In another aspect, an embodiment of the present invention further provides a non-transitory computer-readable storage medium, on which a computer program is stored, where the computer program is implemented to perform the transmission method provided in the foregoing embodiments when executed by a processor, and for example, the method includes:
receiving a report data access request sent by a user, wherein the report data access request comprises a user identifier and report request parameters;
determining a designated user group corresponding to the user according to the user identification, and determining a designated report which is requested to be accessed by the user according to the report request parameter;
if the specified user group is determined to have the checking authority of the specified report, acquiring a first report definition body of the specified report from preset report definition information, and checking whether a preset data authority macro exists in the first report definition body; wherein, the report definition information includes: the system comprises a business system identifier, a report identifier, a macro identifier of a declared data authority macro and a report definition body;
if the fact that the first report definition body has the preset data authority macro is determined, determining a data authority macro classification value corresponding to the preset data authority macro, and injecting the data authority macro classification value into the first report definition body to obtain a second report definition body;
and replacing the variable in the second report definition body by using the value of the report request parameter to obtain an executable first database query statement, querying in a service database according to the first database query statement, and sending a queried first data result to a user.
The above-described embodiments of the apparatus are merely illustrative, and the units described as separate parts may or may not be physically separate, and parts displayed as units may or may not be physical units, may be located in one place, or may be distributed on a plurality of network units. Some or all of the modules may be selected according to actual needs to achieve the purpose of the solution of the present embodiment. One of ordinary skill in the art can understand and implement it without inventive effort.
Through the above description of the embodiments, those skilled in the art will clearly understand that each embodiment can be implemented by software plus a necessary general hardware platform, and certainly can also be implemented by hardware. With this understanding in mind, the above-described technical solutions may be embodied in the form of a software product, which can be stored in a computer-readable storage medium such as ROM/RAM, magnetic disk, optical disk, etc., and includes instructions for causing a computer device (which may be a personal computer, a server, or a network device, etc.) to execute the methods described in the embodiments or some parts of the embodiments.

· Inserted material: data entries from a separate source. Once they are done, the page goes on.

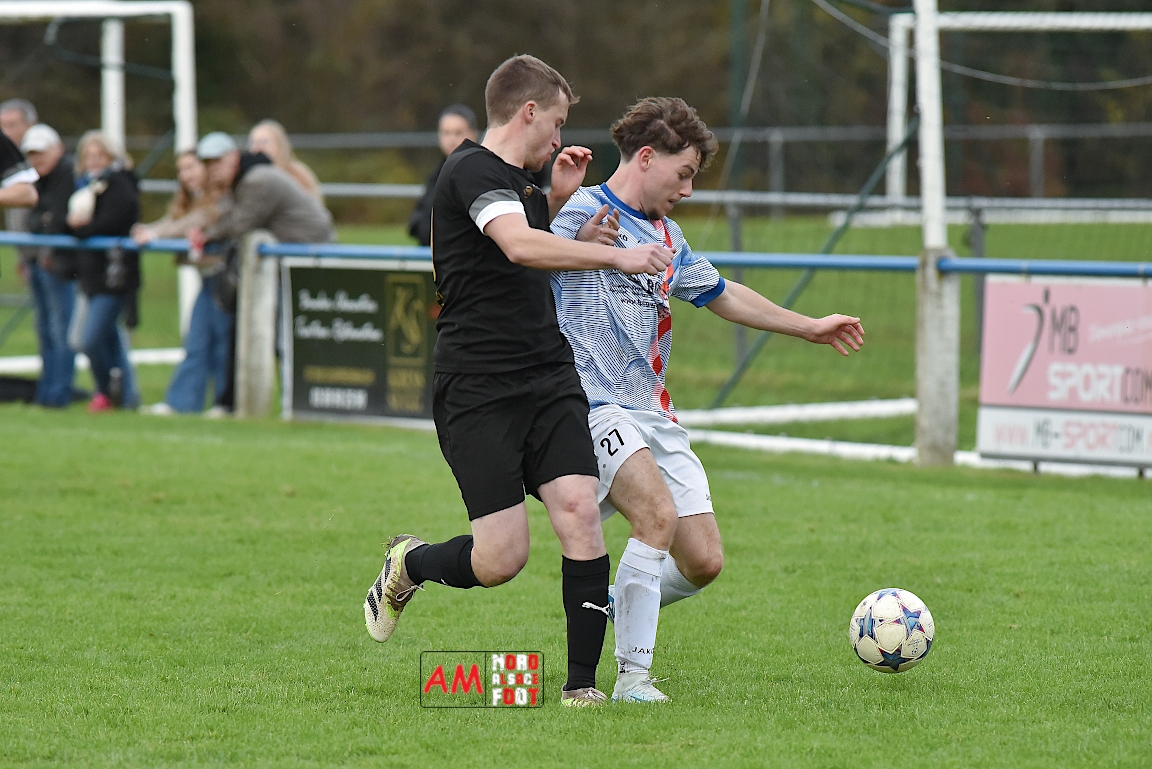 A l’occasion de la dixième journée de championnat en District 1 (Poule A), le FC Durrenbach (11e) accueillait l’AS Pfulgriesheim (10e) afin de tenter de s’offrir un succès important pouvant leur permettre de provisoirement s’extirper de la zone rouge en faveur d’une victoire ce dimanche, et ce, face à des adversaires voulant terminer le mois comme ils l’ont commencé, à savoir avec trois points dans la musette. Après une première période se soldant par un score de parité (1-1), les locaux prirent le large en seconde période en inscrivant pas moins de trois buts avant qu’ils ne s’adjugent une victoire sur ce score de 4-1! Retrouvez, ci-dessous, quelques images de cette rencontre et, pour en apprécier le contenu, veuillez cliquer sur l’une d’entre elles pour afficher le diaporama.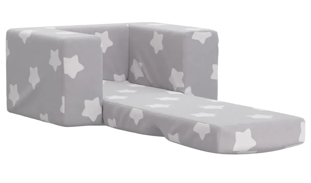 Rozkładany pluszowy fotel dla dziecka szary z gwiazdkami - Hurems 3X
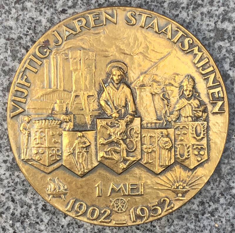 Begin mei 1952 vierde Staatsmijnen op uitbundige wijze het vijftigjarig bestaan. Het kon allemaal niet op. Er waren optochten, recepties, diners en sportwedstrijden. Met ’s Rijks Munt in Utrecht kwam Staatsmijnen overeen een gedenkpenning te laten slaan. Deze penning, in een zilveren (600 exemplaren) en een bronzen variant (300 exemplaren). De penning was bestemd voor bepaalde personeelsleden en voor relaties.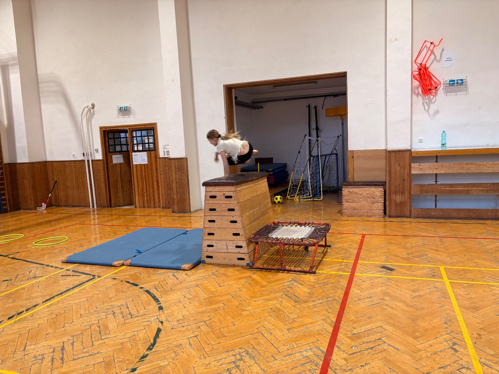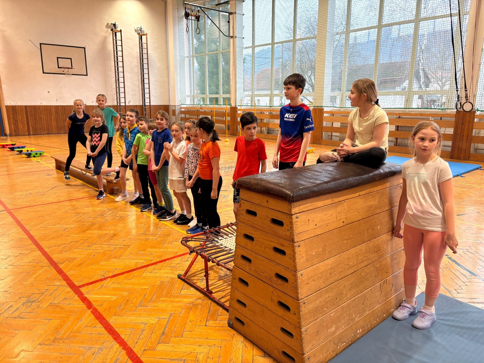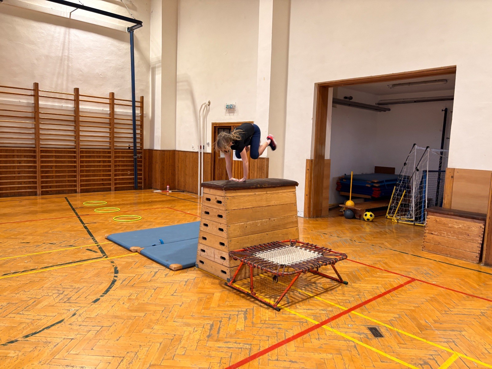 V úterý jsme měli oddílovku, tentokrát pro změnu v tělocvičně. Jako první jsme si s mladšíma dali kreativní opičí dráhu, kterou jsme běželi víckrát, protože všichni byli plní elánu a chtěli si zlepšovat čas.

Finally, it should be noted that: the above examples are only intended to illustrate the technical solution of the present invention, but not to limit it; although the present invention has been described in detail with reference to the foregoing embodiments, it will be understood by those of ordinary skill in the art that: the technical solutions described in the foregoing embodiments may still be modified, or some technical features may be equivalently replaced; and such modifications or substitutions do not depart from the spirit and scope of the corresponding technical solutions of the embodiments of the present invention.
Claims (10)
1. A report data access method is characterized by comprising the following steps:
receiving a report data access request sent by a user, wherein the report data access request comprises a user identifier and report request parameters;
determining a designated user group corresponding to the user according to the user identification, and determining a designated report which is requested to be accessed by the user according to the report request parameter;
if the specified user group is determined to have the checking authority of the specified report, acquiring a first report definition body of the specified report from preset report definition information, and checking whether a preset data authority macro exists in the first report definition body; wherein, the report definition information includes: the system comprises a business system identifier, a report identifier, a macro identifier of a declared data authority macro and a report definition body;
if the fact that the first report definition body has the preset data authority macro is determined, determining a data authority macro classification value corresponding to the preset data authority macro, and injecting the data authority macro classification value into the first report definition body to obtain a second report definition body;
and replacing the variable in the second report definition body by using the value of the report request parameter to obtain an executable first database query statement, querying in a service database according to the first database query statement, and sending a queried first data result to a user.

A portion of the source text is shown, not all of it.